The rank of the page is a result of an iterative process based on the webgraph, created by all World Wide Web pages as nodes and hyperlinks as edges. A hyperlink to a page counts as a vote of support. The PageRank of a page is depends on the number and PageRank metric of all pages that link to it i.e "incoming links". A page that is linked to by many pages with high PageRank receives a high rank itself.

### The algorithm
- The algorithm starts by creating a sparse square "web graph" $M$ matrix where position $(i.j)$ is set to value $1$ if there is a link between page $i$ and page $j$. If one page is a sink i.e it it has no outgoing links it will be assumed that it links out to all other pages in the collection. Their PageRank scores are therefore divided evenly among all other pages.

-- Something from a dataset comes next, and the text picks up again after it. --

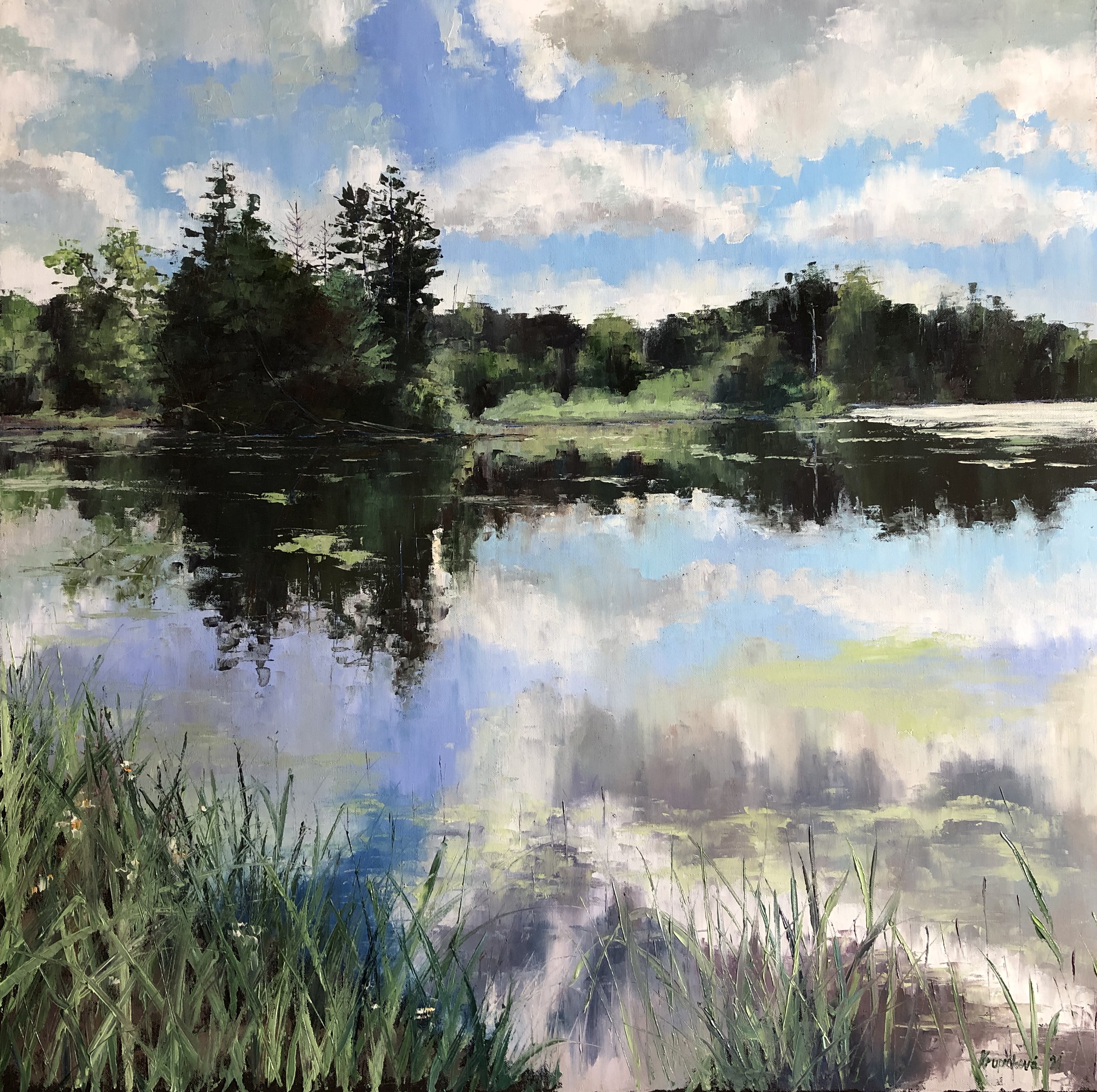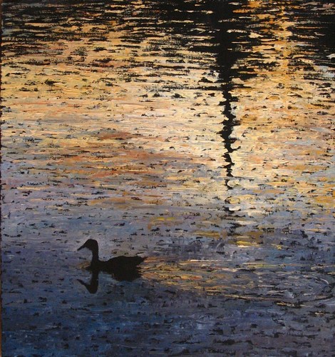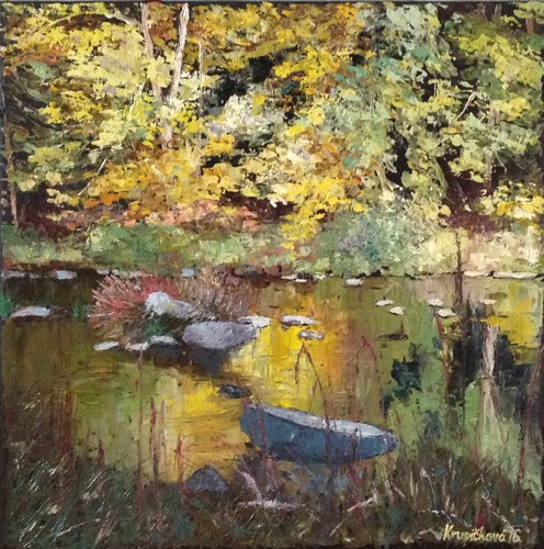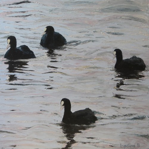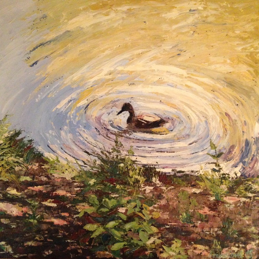 Na vlnách rybníka/ On the waves on a pond 2015 (40 x 40 cm)
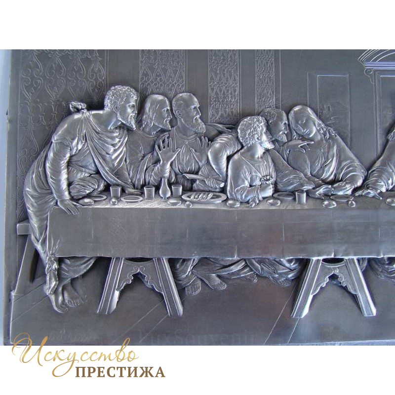 Икона Тайная вечеря выполнена методом гальванопластики с покрытием чистым Серебро 925-й пробым. На икону вручную нанесен патинирующий состав и защитный слой воска.

In other words, to be fair with pages that are not sinks, these random transitions are added to all nodes in the Web.


- Each column $j$ in the matrix represent the number of outgoing links from page j. To make sure all links has the same weight all columns are then normalized.


- The PageRank theory holds that an imaginary surfer who is randomly clicking on links will eventually stop clicking. The probability, at any step, that the person will continue is a damping factor $d$. Various studies have tested different damping factors, but it is generally assumed that the damping factor will be set around 0.85.


- The vector $v$ is randomly initialized and is updated iteratively using the following algorithm until convergence. 

$\hat{M} = d * M + \frac{(1-d)}{number of pages} * Ones$
 
repeat until convergence:

$v_{new} = \hat{M} * v_{old}$

where $M$ is the web graph matrix with it's columns normalized.

- The PageRank values $v$ after convergence are the entries of the eigenvector of the modified matrix $\hat{M} $rescaled so that each column adds up to one. i.e $v$ can be seen as the eigen values matrix for the transformation matrix $\hat{M}$ with eigen value 1.